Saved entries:

"""

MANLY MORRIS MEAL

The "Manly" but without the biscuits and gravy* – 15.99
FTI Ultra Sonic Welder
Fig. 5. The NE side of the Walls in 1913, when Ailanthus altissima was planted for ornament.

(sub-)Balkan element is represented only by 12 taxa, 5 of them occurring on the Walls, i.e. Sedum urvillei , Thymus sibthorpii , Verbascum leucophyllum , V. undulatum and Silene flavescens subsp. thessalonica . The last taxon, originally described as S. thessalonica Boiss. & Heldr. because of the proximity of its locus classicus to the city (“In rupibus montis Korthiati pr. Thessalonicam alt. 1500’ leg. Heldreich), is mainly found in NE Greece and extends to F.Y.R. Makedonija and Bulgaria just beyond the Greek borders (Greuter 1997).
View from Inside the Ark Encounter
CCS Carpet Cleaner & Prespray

"""
"""

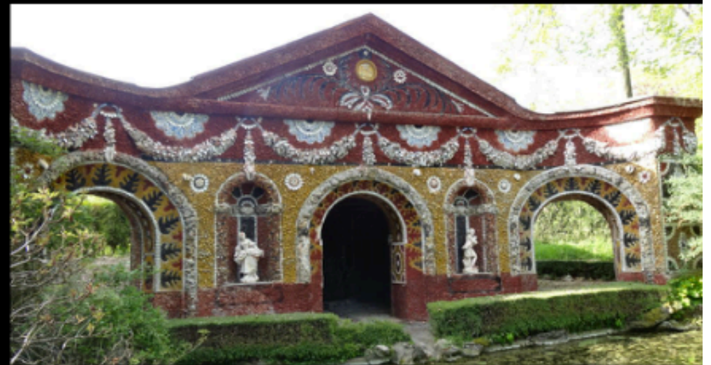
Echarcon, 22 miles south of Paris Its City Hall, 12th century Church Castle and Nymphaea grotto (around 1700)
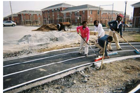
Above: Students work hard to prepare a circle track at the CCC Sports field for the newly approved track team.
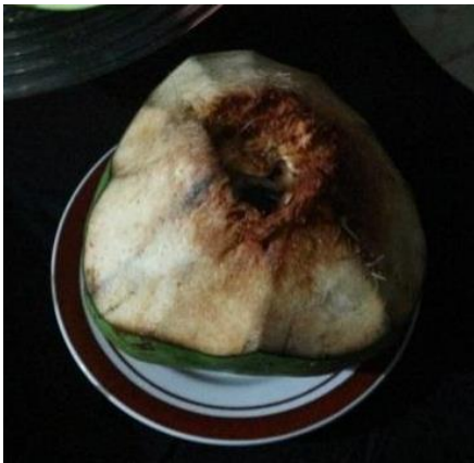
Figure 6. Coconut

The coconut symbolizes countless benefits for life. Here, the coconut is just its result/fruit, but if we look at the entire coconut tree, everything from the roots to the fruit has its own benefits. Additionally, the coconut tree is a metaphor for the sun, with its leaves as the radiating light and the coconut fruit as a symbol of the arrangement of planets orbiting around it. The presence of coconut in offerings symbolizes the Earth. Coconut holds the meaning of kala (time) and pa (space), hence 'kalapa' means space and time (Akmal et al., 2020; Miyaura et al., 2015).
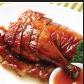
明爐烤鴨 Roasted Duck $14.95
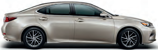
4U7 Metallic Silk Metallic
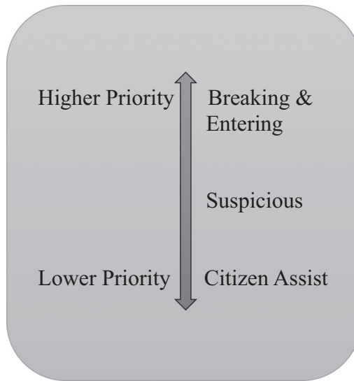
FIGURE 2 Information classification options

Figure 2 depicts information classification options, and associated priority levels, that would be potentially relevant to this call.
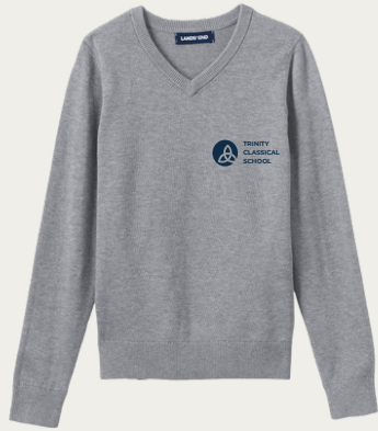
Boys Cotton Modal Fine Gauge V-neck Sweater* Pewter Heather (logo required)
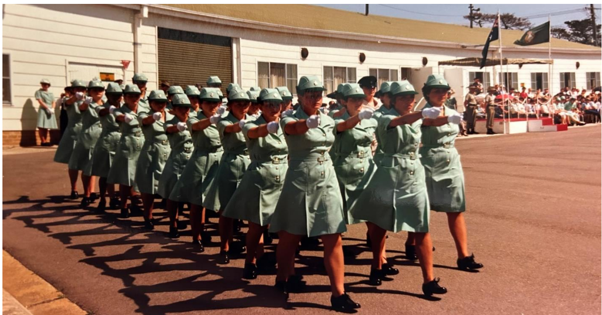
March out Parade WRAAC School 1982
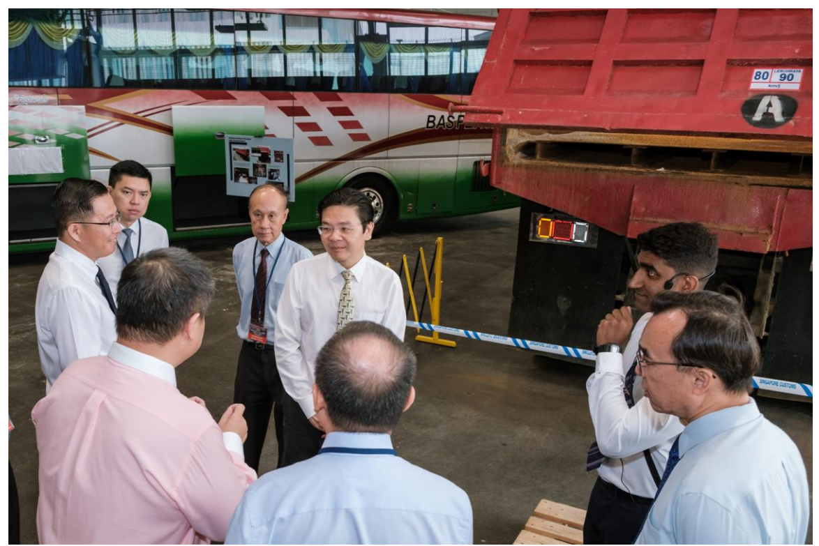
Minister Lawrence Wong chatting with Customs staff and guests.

"""
"""

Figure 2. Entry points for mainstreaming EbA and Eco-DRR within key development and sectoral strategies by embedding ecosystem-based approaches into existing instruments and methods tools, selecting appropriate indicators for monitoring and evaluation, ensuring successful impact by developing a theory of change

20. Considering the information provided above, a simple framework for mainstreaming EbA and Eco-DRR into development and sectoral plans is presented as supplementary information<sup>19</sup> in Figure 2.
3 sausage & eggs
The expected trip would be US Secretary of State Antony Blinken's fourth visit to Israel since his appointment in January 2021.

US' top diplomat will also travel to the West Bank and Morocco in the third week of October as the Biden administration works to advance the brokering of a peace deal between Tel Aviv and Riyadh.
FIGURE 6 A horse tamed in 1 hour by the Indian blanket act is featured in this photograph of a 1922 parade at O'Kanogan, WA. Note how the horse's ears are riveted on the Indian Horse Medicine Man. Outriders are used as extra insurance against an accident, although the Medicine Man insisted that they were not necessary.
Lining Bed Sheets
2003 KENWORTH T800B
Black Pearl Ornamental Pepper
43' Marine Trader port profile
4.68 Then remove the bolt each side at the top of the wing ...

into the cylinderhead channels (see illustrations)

"""

> **What is required**: For this exercise, output exactly the lines above from the line with "MANLY MORRIS MEAL" to the line with "Fig. 5. The", counting both, and leave out the rest.

> **Final answer**:
MANLY MORRIS MEAL

The "Manly" but without the biscuits and gravy* – 15.99
FTI Ultra Sonic Welder
Fig. 5. The NE side of the Walls in 1913, when Ailanthus altissima was planted for ornament.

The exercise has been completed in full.